Fabric for Fine-Tuning with LoRA
Fabric works naturally with PEFT libraries like HuggingFace’s peft for LoRA fine-tuning. The setup pattern is the same — wrap the peft model and optimizer with fabric.setup() — and Fabric correctly handles the frozen base model parameters (they do not receive gradient updates and are not included in the optimizer state), while the LoRA adapter weights are trained normally.
from lightning.fabric import Fabric
from transformers import AutoModelForCausalLM
from peft import LoraConfig, get_peft_model
import torch
fabric = Fabric(accelerator="cuda", devices=2, strategy="ddp",
precision="bf16-mixed")
fabric.launch()
# Load base model and wrap with LoRA
base_model = AutoModelForCausalLM.from_pretrained("meta-llama/Llama-3.2-3B")
lora_config = LoraConfig(r=16, lora_alpha=32, target_modules=["q_proj","v_proj"],
lora_dropout=0.05, bias="none", task_type="CAUSAL_LM")
model = get_peft_model(base_model, lora_config)
model.print_trainable_parameters()
# trainable params: 3,538,944 || all params: 3,216,253,952 || trainable%: 0.11%
# Only trainable params go to optimizer
optimizer = torch.optim.AdamW(
filter(lambda p: p.requires_grad, model.parameters()), lr=2e-4
)
model, optimizer = fabric.setup(model, optimizer)
train_loader = fabric.setup_dataloaders(train_loader)
for batch in train_loader:
input_ids = batch["input_ids"]
labels = batch["labels"]
outputs = model(input_ids=input_ids, labels=labels)
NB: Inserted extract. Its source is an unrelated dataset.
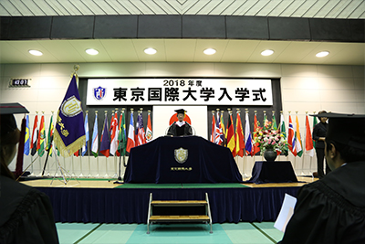続いて、倉田信靖理事長・総長より「東京国際大学の教育理念は、『公徳心を体した、真の国際人の養成』であります。世界の人々が日本を訪れたときの印象として語られるのは『おもてなしの心』に感動したことです。本学の教育理念『公徳心』とは、まさに『おもてなしの心』に具象化された人間相互の『和』の心にあります。諸君は、この日本の『和の心』を教育理念とする東京国際大学において、専門の知識を学び、広く国際社会に活躍の場を拡げて下さい」と新入生の前途を祝しての式辞が述べられました。

fabric.backward(outputs.loss)
optimizer.step()
optimizer.zero_grad()
The combination of Fabric and LoRA is particularly useful for fine-tuning runs that need to scale across multiple GPUs without the overhead of a full Lightning training setup. You get multi-GPU gradient synchronisation, mixed precision, and distributed-safe checkpointing for the adapter weights with minimal boilerplate, while the frozen base model weights are handled transparently.
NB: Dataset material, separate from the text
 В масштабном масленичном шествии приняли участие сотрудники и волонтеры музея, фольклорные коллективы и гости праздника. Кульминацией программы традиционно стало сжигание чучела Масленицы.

Installation and Version Notes
Fabric is included in the lightning package, which replaced the older split between pytorch-lightning and lightning-fabric. Install with pip install lightning and import from lightning.fabric. The minimum PyTorch version for current Fabric releases is 2.0, which is required for FSDP v2 support and the torch.compile integration. If you are on an older codebase still using PyTorch 1.x, the lightning-fabric package pinned to an older version supports back to PyTorch 1.11, but you will lose FSDP strategy support. For most active projects, upgrading to PyTorch 2.x before adopting Fabric is the right move — the two upgrades together give you Fabric’s distributed abstraction layer plus torch.compile for compiled training, which are complementary performance improvements that work well together and are both straightforward to enable once you are on the current Fabric API. For teams already using full PyTorch Lightning who want to extract just the distributed training layer for a specific project, Fabric exposes exactly that subset — it is the same infrastructure that the Lightning Trainer uses internally, now available as a standalone tool without the Trainer coupling. The end result is a training codebase that scales from a laptop to a multi-node GPU cluster with a one-line change and zero additional boilerplate.